Terrestrial planet compositions controlled by accretion disk magnetic field

Progress in Earth and Planetary Science

Table 1 Composition of the terrestrial planets

Atomic%	Mercury ^a	Venus ^a	Earth ^b	Mars ^c	CI chondrite ^d
					(volatile-free)
O	27.5	49.0	49.0	55.3	48.2
Mg	11.1	16.7	16.7	15.3	15.1
Si	11.1	15.1	15.1	15.1	14.7
Fe	41.2	15.1	15.1	10.3	12.8
Ni	2.25	0.82	0.82	0.57	0.70
Al	1.03	1.56	1.56	1.41	1.20
Ca	0.75	1.13	1.13	1.03	0.88
S	5.07	0.52	0.52	0.92	6.43
Fe/O	1.50	0.31	0.31	0.19	0.27
Fe/Si	3.71	1.00	1.00	0.69	0.87
Mg/Si	0.99	1.11	1.11	1.02	1.03
Al/Si	0.093	0.103	0.103	0.093	0.082
Fe/Al	40.0	9.7	9.7	7.3	10.7
Mg/Al	10.7	10.8	10.8	10.9	12.6
mean Z	17.5	12.7	12.7	11.8	12.6
wt%	Mercury	Venus	Earth	Mars	CI (volatile-free)
O	12.0 (± 2.1)	29.7	29.7	36.3	29.1
Mg	7.31 (± 1.3)	15.4	15.4	15.3	13.9
Si	8.50 (± 1.0)	16.1	16.1	17.4	15.6
Fe	62.6 (± 4.5)	32.0	32.0	23.7	26.9
Ni	3.60 (± 0.25)	1.82	1.82	1.36	1.54
Al	0.76 (± 0.14)	1.59	1.59	1.56	1.22
Ca	0.82 (± 0.15)	1.71	1.71	1.69	1.33
S	4.42 (± 1.50)	0.64	0.64	1.21	7.78
Uncompressed ρ^e	5200 ± 200	4100	4200	3800	2430 ^f
Metal mass fraction	74/100 (± 5)	1/3	1/3	1/5	0
H distance (AU)	0.39	0.72	1.00	1.52	>15^g
h (pW kg ⁻¹) ^h	2.0	3.6	3.3	4.0	–
h (TW) ^h	0.7	18	20	2.5	–

^aThis study.

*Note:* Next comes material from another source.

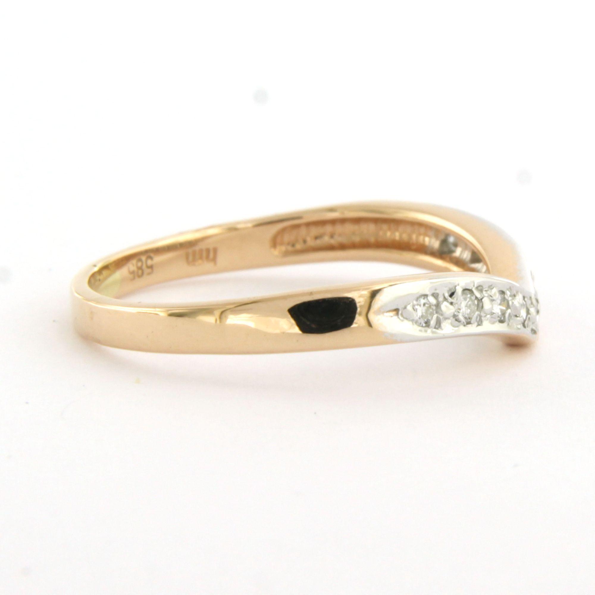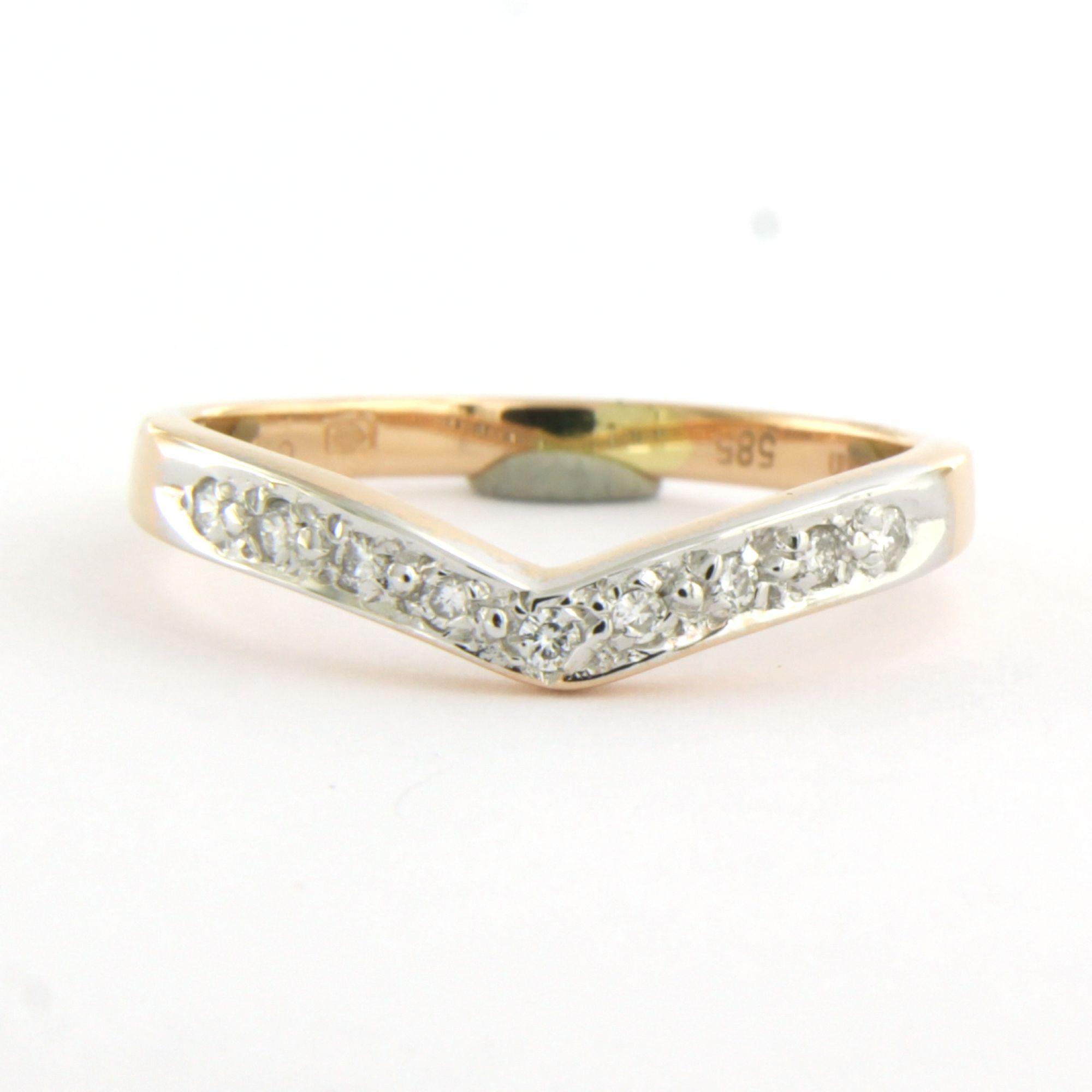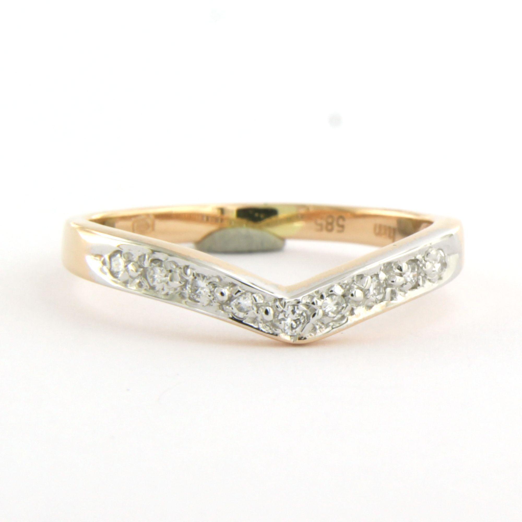 14 Kt. bicolor gouden ring in een vorm van een V bezet met briljant geslepen diamant tot. 0.05ct - ringmaat 17(53)

The ± values (1 standard deviation) are calculated as the differences between the high and low uncompressed density models
^bMcDonough (2014).
^cYoshizaki and McDonough (2020).
^dAlexander (2019a).
^eUncompressed ρ, density, in kg/m³ (Lewis 1972; Lodders and Fegley Jr. 1998; Stacey 2005).
^fMacke et al. (2011).
^gDesch et al. (2018).
^hHeat production in the bulk silicate planets are calculated from chondritic (Al/Th) _mass = 2.81 ×10⁵ and (Th/U) _mass = 3.7, planetary (K/Th) _mass = 7000, 3700, and 5300 for Mercury, Earth, and Mars, respectively (Peplowski et al. 2011; Arevalo Jr. et al. 2009; Taylor et al. 2006), and an equation from McDonough et al. (2020). pW = 10⁻¹² W; TW = 10¹² W.